CRA reform amid coronavirus would fuel discriminatory lending
Access to credit is crucial for families and businesses trying to rebound from the coronavirus pandemic. Sadly, for millions of Americans, that access won’t just depend on their financial situation but also on the color of their skin.
Long before this public health crisis and the 2008 recession — in fact, for as long as financial services have existed — minority communities have been systemically denied that service. And during a time of crisis, those most vulnerable will stand to be the most hurt.
As the saying goes: When America catches a cold, black America catches pneumonia.
Redlining, when a lender denies service to a predominantly minority neighborhood, is still very much ongoing and well understood in the black community. Look no further than the Main Streets of minority communities where bank branches are noticeably absent. This isn’t just an anecdote; it’s a fact backed by startling new research.
Ahead of a field hearing I chaired on the subject of modern-day redlining, my office did an in-depth analysis of banking branch density in New York’s Queens area, considering key income and demographic factors.
The data (pulled from updated 2010 Census Bureau figures and Federal Deposit Insurance Corp. bank branch data as of January) shows a clear downward trend of bank branch density in Queens ZIP codes by black and Hispanic population density. Meaning, the more black and Hispanic a ZIP code, the fewer branches there are per capita.
The data shows that Queens ZIP codes with less than 25% black and Hispanic populations have a total of 193 bank branches, for a cumulative population of 609,655 people. This represents one bank branch for every 3,159 people.
By contrast, ZIP codes with more than 75% black and Hispanic populations have only 20 bank branches for a cumulative population of 458,727. This represents one bank branch for every 22,936 people, roughly seven times fewer banks branches per capita compared to the previously stated populations with less minorities.
To better understand how race and income interplay in determining whether a ZIP code is a so-called banking desert, ZIP codes were isolated to those with more than 70% black and Hispanic populations, and those with less than 30% black and Hispanic populations. The data was then ranked by income, keeping only the ZIP codes where the predominantly black and Hispanic populations have a higher median income than those where minorities represent less than 30% of the population.

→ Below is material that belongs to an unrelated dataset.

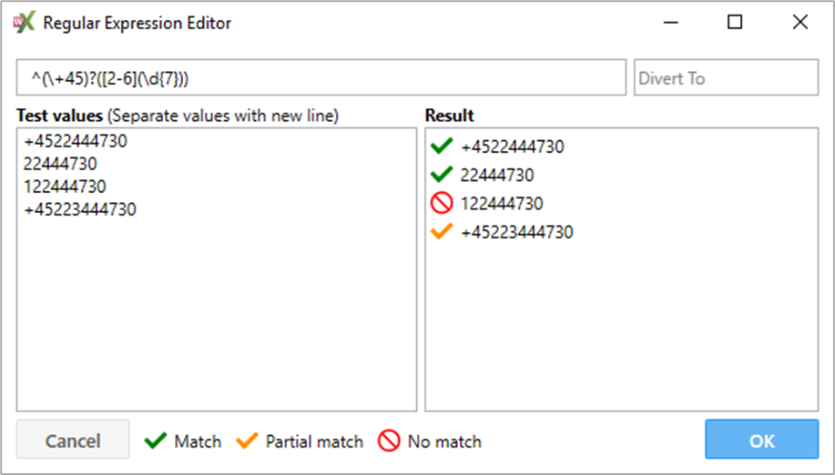 Regular Expression Editor bruges til at redigere og teste nedenstående regler for genkendelse af telefonnumre, som benyttes i flere Miralix programmer:

Doing so starkly revealed that the predominantly black and Hispanic high-income ZIP codes have far lower bank branch density than the lower income nonblack and Hispanic ZIP codes. Further, three of the predominantly black and Hispanic ZIP codes have no bank branches at all, despite being high-income. Meanwhile, all the lower-income ZIP codes with predominantly nonblack and Hispanic populations had at least two branches per 10,000 people.
This last finding is especially disheartening, confirming that race — and particularly the density of black and Hispanic populations — is the main determinant of bank branch density and banking deserts. While these findings are specific to Queens, the sample analysis could easily be applied across the country, yielding similar findings.

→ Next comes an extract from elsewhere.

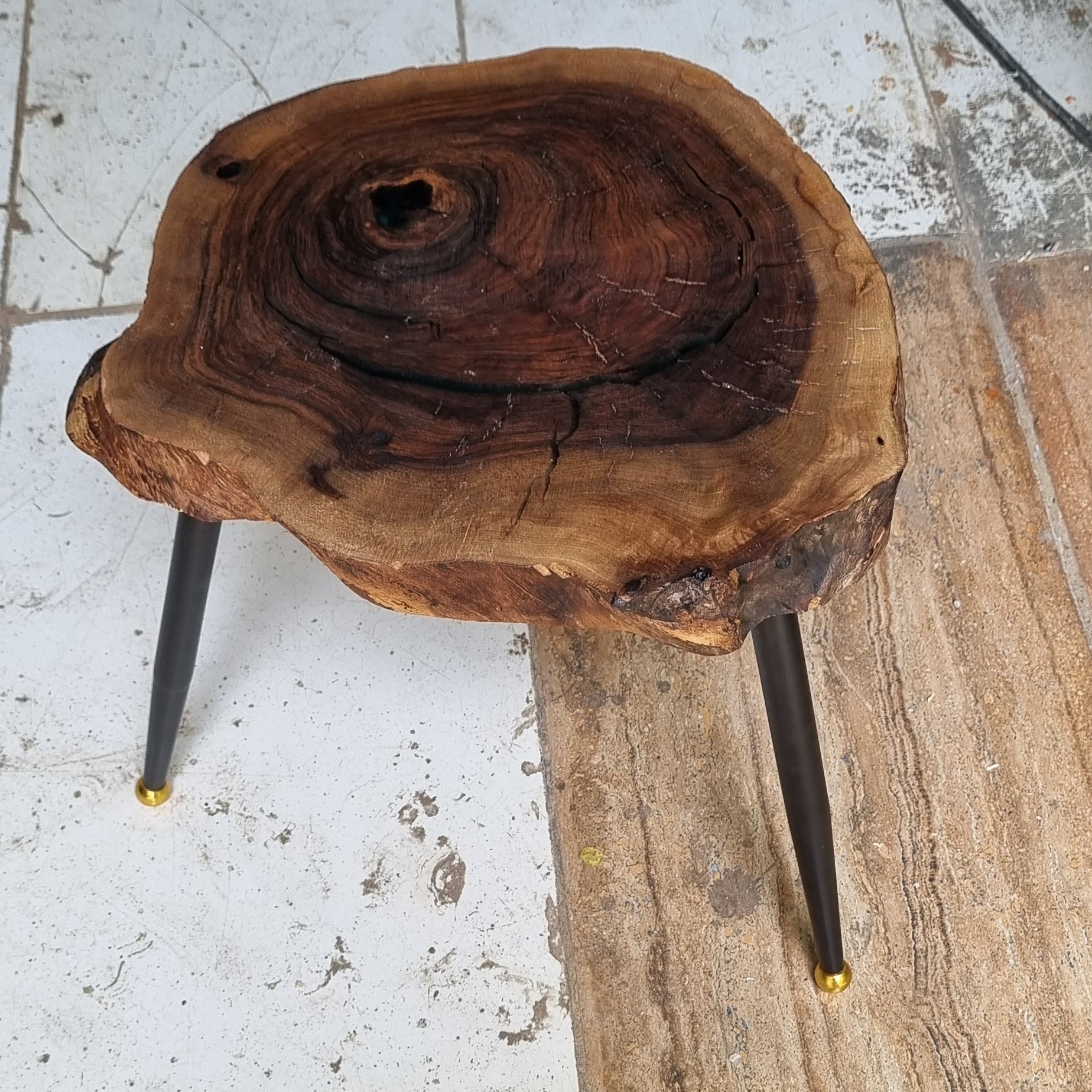 میز عسلی روستیک چوب گردو ارتفاع 45 چوب و رزین شفاف پایه فلزی مشکی طلایی

As chairman of the House Financial Services Subcommittee on Consumer Protection and Financial Institutions, I’ve led a series of hearings on the Community Reinvestment Act and its relevance to the banking sector today. The CRA was enacted in 1977 as a direct response to the long, painful legacy of structural discrimination, financial exclusion and redlining that perpetuated disinvestment in minority communities across America.
At its core, the CRA is a civil rights bill. It was the fourth of a series of banking bills passed to address systemic discrimination in banking. The other bills included the Fair Housing Act of 1968, the Equal Credit Opportunity Act of 1974 and the Home Mortgage Disclosure Act of 1975.
Unfortunately, Comptroller of the Currency Joseph Otting and the FDIC have jointly put forward a proposed CRA reform which fundamentally undermines the law’s original civil rights intent. It is expected to worsen the prevalence of banking deserts and to further limit access to mortgage and small-business loans for low-income communities and communities of color across the country.
It is noteworthy that after extensive engagement in an interagency process, the Federal Reserve did not join their fellow agencies’ proposed rulemaking. Instead, the Fed put forward a thoughtful, data-driven framework for updating the CRA in a manner consistent with the law’s civil rights roots, while also seeking to make it more applicable to the realities of 21st-century banking in America.
It is regrettable that these civil rights-era banking laws remain as relevant today as they were when initially passed. It is also deeply troubling that early data indicated that the inequities that already exist will compound the economic pain caused by COVID-19, as it did during the Great Recession.
These issues, which impact the economic prospects of millions of low- and moderate-income Americans across the country, must be addressed. As Fed Gov. Lael Brainard rightly stated in January, any reforms to the CRA will impact Americans for decades to come.
For the sake of Americans, especially those now facing a financial downfall, it matters that we get this right.